(Task material begins)

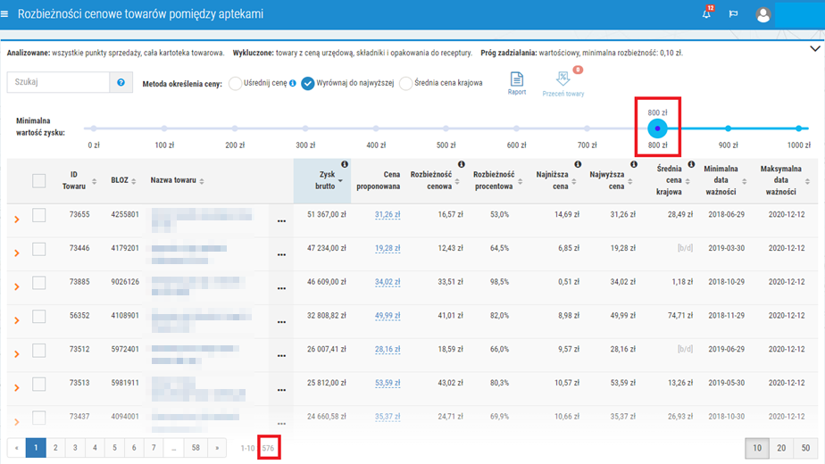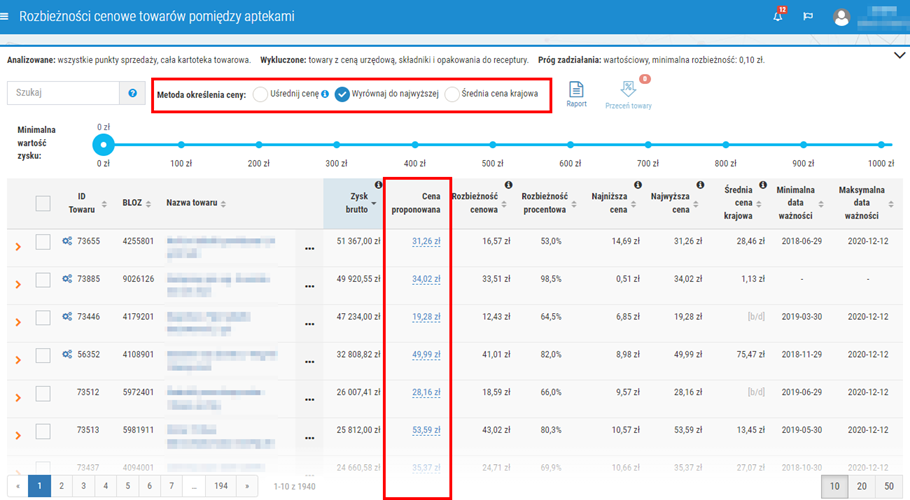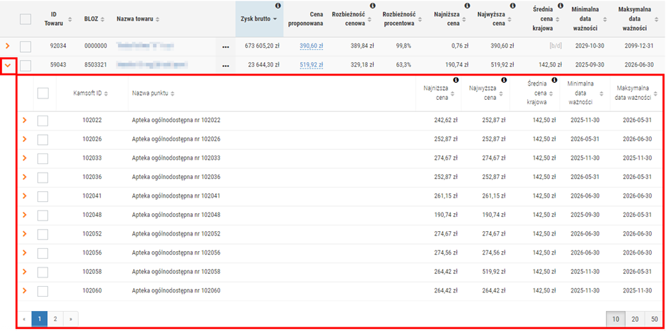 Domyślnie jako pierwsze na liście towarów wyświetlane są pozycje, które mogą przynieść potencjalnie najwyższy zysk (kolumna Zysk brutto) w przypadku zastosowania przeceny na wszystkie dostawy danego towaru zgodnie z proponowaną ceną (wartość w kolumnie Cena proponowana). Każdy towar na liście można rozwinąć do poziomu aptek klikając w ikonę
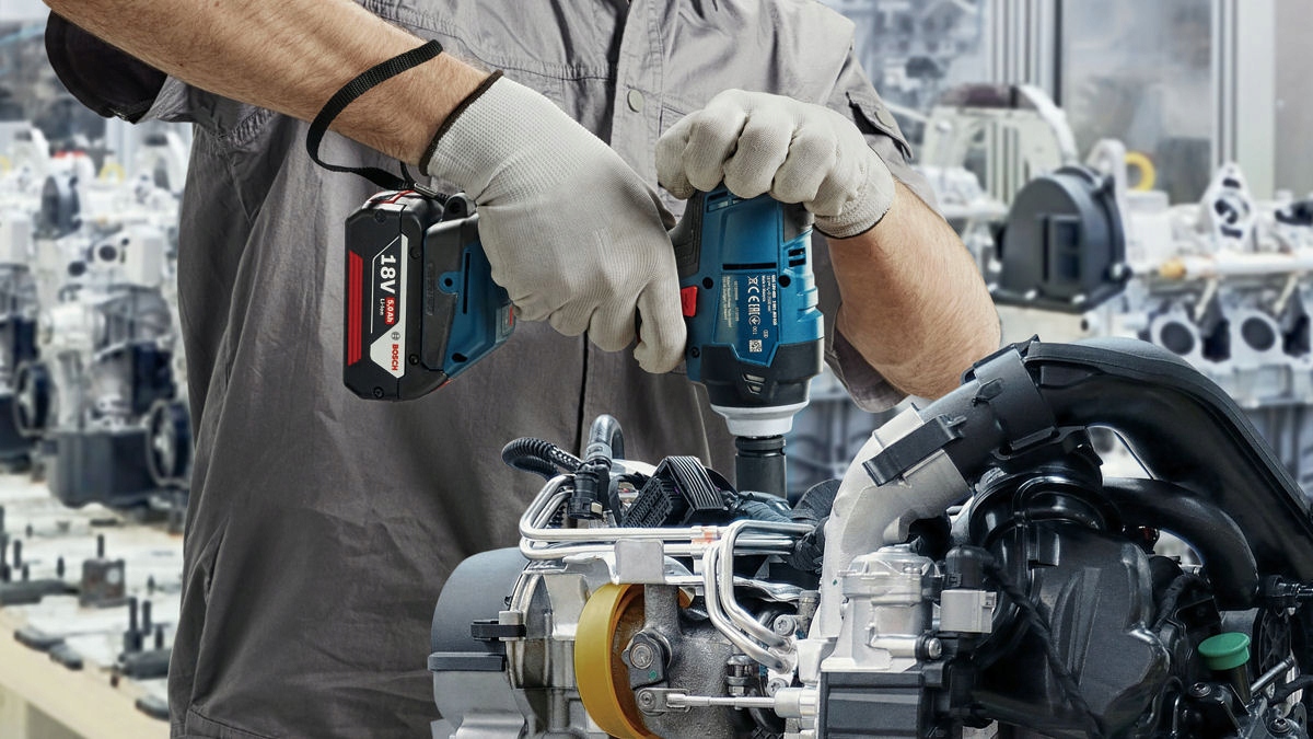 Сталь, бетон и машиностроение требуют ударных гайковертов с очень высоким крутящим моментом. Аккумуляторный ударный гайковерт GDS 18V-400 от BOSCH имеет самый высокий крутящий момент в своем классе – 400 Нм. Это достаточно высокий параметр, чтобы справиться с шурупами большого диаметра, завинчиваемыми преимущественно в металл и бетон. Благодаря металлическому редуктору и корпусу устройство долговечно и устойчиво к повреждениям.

(Task material ends)
(Task material begins)

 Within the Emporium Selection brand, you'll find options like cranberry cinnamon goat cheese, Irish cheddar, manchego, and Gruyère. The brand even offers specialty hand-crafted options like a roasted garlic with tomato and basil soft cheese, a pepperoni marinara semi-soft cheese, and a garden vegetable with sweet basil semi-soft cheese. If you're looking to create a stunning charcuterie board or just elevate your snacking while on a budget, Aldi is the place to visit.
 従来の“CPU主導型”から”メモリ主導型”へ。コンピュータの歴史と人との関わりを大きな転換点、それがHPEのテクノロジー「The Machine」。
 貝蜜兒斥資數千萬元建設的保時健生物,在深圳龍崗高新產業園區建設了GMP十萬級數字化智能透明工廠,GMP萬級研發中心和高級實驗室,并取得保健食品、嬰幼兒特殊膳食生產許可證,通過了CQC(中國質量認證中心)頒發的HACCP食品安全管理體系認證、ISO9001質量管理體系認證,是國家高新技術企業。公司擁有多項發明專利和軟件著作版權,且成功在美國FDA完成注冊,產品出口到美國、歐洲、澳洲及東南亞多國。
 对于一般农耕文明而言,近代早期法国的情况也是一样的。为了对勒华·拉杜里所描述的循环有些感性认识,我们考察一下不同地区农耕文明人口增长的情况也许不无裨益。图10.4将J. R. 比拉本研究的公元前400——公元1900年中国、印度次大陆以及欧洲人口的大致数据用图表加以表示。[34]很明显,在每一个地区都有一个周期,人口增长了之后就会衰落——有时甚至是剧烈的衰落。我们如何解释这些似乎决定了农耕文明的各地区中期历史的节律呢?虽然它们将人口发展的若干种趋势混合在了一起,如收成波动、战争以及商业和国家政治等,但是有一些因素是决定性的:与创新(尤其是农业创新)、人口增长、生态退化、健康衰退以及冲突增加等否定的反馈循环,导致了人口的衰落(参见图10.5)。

(Task material ends)

▶ [Exercise prompt] Leaving all pictures out, output exactly the lines of the material above from the line with "Domyślnie jako pierwsze" to the line with "Сталь, бетон и", both included.

▶ [Answer for the task]
 Domyślnie jako pierwsze na liście towarów wyświetlane są pozycje, które mogą przynieść potencjalnie najwyższy zysk (kolumna Zysk brutto) w przypadku zastosowania przeceny na wszystkie dostawy danego towaru zgodnie z proponowaną ceną (wartość w kolumnie Cena proponowana). Każdy towar na liście można rozwinąć do poziomu aptek klikając w ikonę
 Сталь, бетон и машиностроение требуют ударных гайковертов с очень высоким крутящим моментом. Аккумуляторный ударный гайковерт GDS 18V-400 от BOSCH имеет самый высокий крутящий момент в своем классе – 400 Нм. Это достаточно высокий параметр, чтобы справиться с шурупами большого диаметра, завинчиваемыми преимущественно в металл и бетон. Благодаря металлическому редуктору и корпусу устройство долговечно и устойчиво к повреждениям.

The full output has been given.